プラシーボとは、「本物の」医療行為のように見えるが、実はそうではないもののことです。錠剤であったり、注射であったり、その他の「偽の」治療法であったりします。プラシーボに共通しているのは、健康に影響を与える活性物質を含んでいないことです。
プラシーボはどのように使われるのか?
研究者は、新薬やその他の治療が特定の症状に対してどのような効果をもたらすかを理解するために、研究中にプラシーボを使用します。
例えば、ある研究において、ある人はコレステロールを下げる新薬を投与されるかもしれません。他の人にはプラセボが投与されます。研究参加者は、自分が本当の治療を受けたのか、それともプラセボを受けたのかを知ることはない。

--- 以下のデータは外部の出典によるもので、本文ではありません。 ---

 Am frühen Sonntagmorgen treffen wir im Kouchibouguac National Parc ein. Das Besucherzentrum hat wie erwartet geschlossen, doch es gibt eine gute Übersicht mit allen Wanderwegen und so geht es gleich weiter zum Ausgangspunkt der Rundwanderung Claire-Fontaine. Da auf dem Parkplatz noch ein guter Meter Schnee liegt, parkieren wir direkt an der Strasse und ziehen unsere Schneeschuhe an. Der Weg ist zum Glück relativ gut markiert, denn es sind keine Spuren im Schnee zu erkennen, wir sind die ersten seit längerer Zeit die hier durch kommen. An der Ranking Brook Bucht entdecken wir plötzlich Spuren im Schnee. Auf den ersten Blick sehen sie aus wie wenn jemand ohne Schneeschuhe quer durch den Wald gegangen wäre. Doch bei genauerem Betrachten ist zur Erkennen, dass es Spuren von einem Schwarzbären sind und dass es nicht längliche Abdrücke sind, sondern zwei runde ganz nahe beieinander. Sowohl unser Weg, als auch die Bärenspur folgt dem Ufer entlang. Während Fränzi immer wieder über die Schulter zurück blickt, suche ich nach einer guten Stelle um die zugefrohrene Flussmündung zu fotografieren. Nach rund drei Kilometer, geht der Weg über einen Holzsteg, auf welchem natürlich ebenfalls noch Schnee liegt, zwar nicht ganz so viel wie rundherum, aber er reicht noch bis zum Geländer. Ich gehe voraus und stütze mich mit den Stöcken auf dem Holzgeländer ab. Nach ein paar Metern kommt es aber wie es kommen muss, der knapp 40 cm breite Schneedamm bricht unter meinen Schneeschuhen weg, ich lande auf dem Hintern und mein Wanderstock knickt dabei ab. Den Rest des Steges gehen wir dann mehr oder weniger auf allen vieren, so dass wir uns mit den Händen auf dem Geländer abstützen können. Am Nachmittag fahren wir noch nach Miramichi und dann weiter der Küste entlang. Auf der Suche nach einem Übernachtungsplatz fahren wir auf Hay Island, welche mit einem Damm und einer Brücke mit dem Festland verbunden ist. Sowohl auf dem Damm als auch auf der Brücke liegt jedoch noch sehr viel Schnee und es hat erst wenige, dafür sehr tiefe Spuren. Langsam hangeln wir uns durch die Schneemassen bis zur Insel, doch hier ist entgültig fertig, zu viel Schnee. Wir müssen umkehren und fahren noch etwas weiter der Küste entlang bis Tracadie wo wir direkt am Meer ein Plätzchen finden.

そして、研究者は、その薬とプラセボの効果を比較する。そうすることで、新薬の有効性を判断し、副作用をチェックすることができるのです。
プラシーボ効果とは?
人はプラシーボに対して反応を示すことがあります。その反応は、ポジティブなこともネガティブなこともあります。例えば、その人の症状が改善されることがあります。あるいは、治療による副作用と思われるものが現れるかもしれません。このような反応は、"プラシーボ効果 "として知られています。
プラセボを服用していると分かっていても、プラセボが結果を出すことがある条件もあります。研究によると、プラセボは次のような状態に効果を発揮することが分かっています。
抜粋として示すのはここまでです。